After a while I got up to go out for a breath of fresh air, and I walked past this goddess in silk, “Hello”, she said. “Do I know you?” I said. “I’m Yamei”, she said. And so she was. The actress was Zeng Baoyi, daughter of Hong Kong Comedian Eric Tsang and already becoming a star in her own right. She was good to work with, I find a lot of actresses hard going as people, but she was sweet.

 

Huang Lei and Isaac

In 2002 I was recruited to play Isaac, the elderly husband of the young female lead, in a TV play called “Library” (天一生水). The play was written by a young actor / director called Huang Lei (黄磊). The play was set in a library called Tian Yi Ge (天一阁) which is an actually existing collection pf priceless antique books in Ningbo (near Shanghai).

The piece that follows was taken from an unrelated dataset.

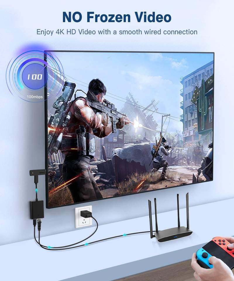 ไมโคร USB เป็น RJ45อะแดปเตอร์เครือข่ายอีเธอร์เน็ตเข้ากันได้กับ4K ไฟติด
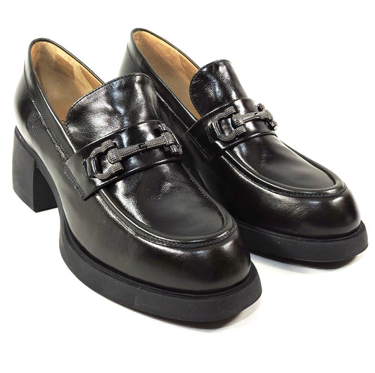 CHIARA COLINI 🇮🇹 WOMEN'S BLACK SOFT LEATHER COMFORT HEELED LOFERS

The trustees at Tian Yi Ge very sensibly refused to have a film troupe galumphing around in their library so Huang built a replica of the library in a vast studio on the outskirts of Beijing.

The atmosphere of the play is very romantic. Earlier Huang Lei had played a role in a film called “Eighteen Springs” based on a novel by Eileen Chang (who wrote “Lust, Caution”). The film is the story of a doomed love affair set in early 20th century Shanghai, and “Library” is quite similar in mood and setting.

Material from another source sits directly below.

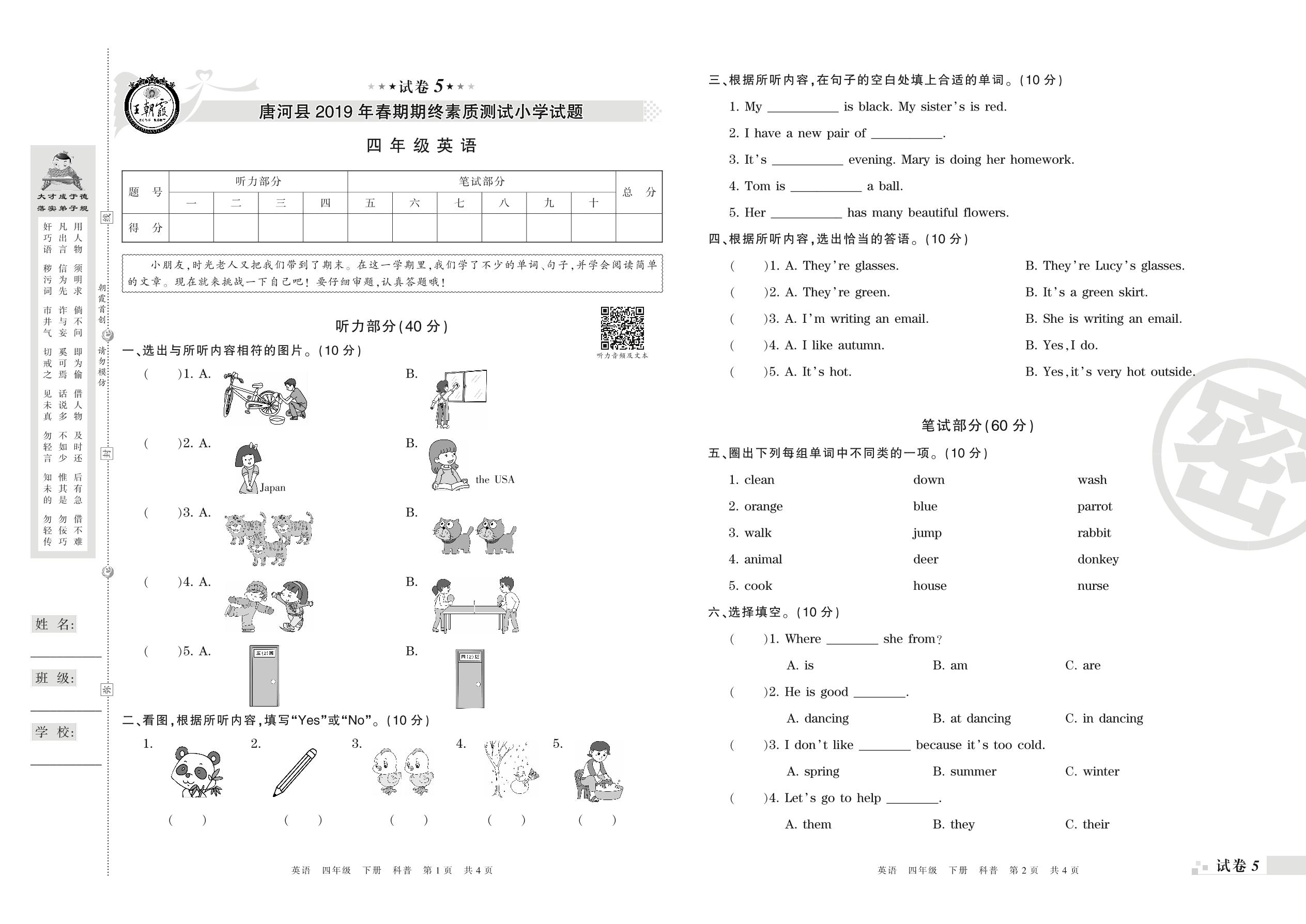 2018-2019学年第二学期南阳市唐河县四年级英语试卷(科普版)【5】

We filmed the various hotel room scenes in an old hotel in Shanghai known as the actor’s hotel because it has been unchanged for decades and is often used for filming. Both Bertrand Russell and Einstein stayed there and there are pictures of them in the hall. Russell later wrote a book called “The Problem of China” which is still worth reading today.

The woman I am acting with is Ma Yili (马伊琍). At one point I was supposed to be lying in bed with her and the script said 搂 – I looked it up in my Chinese dictionary and it was translated as “hug”. So when we got to that bit I naturally, like any red-blooded Englishman, rolled over on top of her which caused her to have a severe panic attack which required us both to return to make-up for a thorough refurbishing. I wrote some more about this experience in an essay called Immaculate Mandarins.